- Opening Delimiter -

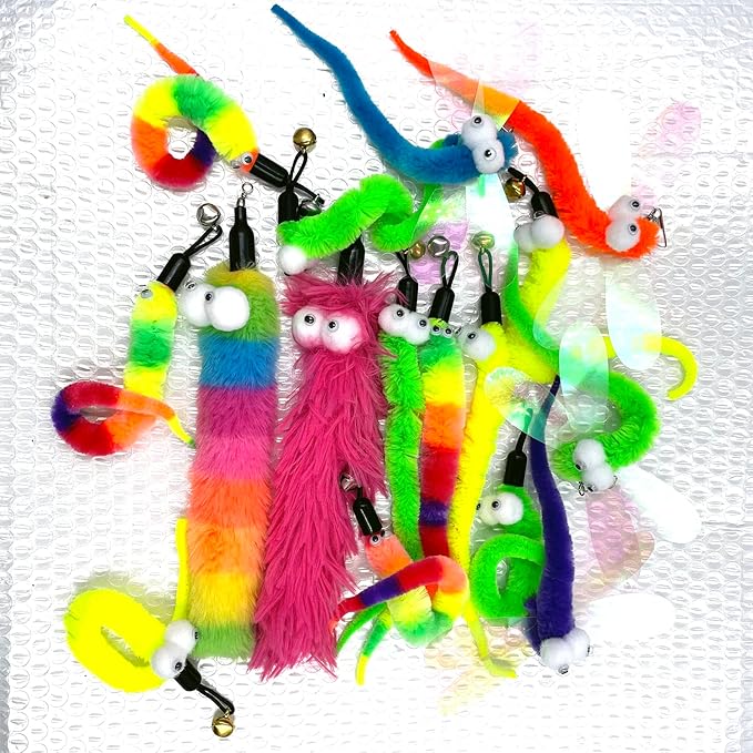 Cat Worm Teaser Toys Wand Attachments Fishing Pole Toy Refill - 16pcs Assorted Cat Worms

- Closing Delimiter -
- Opening Delimiter -

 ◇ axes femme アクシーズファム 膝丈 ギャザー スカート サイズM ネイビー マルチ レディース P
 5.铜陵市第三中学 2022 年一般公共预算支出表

- Closing Delimiter -
- Opening Delimiter -

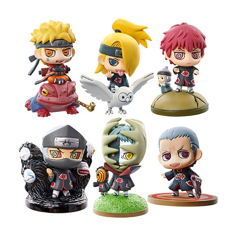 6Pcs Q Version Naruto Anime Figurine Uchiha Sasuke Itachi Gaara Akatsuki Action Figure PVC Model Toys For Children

- Closing Delimiter -

From the listing above, repeat exactly the lines starting at the line that includes "マルチ レディース P" and ending at the line that includes "5.铜陵市第三中学 2022 年一般公共预算支出表", with nothing outside that span.

 ◇ axes femme アクシーズファム 膝丈 ギャザー スカート サイズM ネイビー マルチ レディース P
 5.铜陵市第三中学 2022 年一般公共预算支出表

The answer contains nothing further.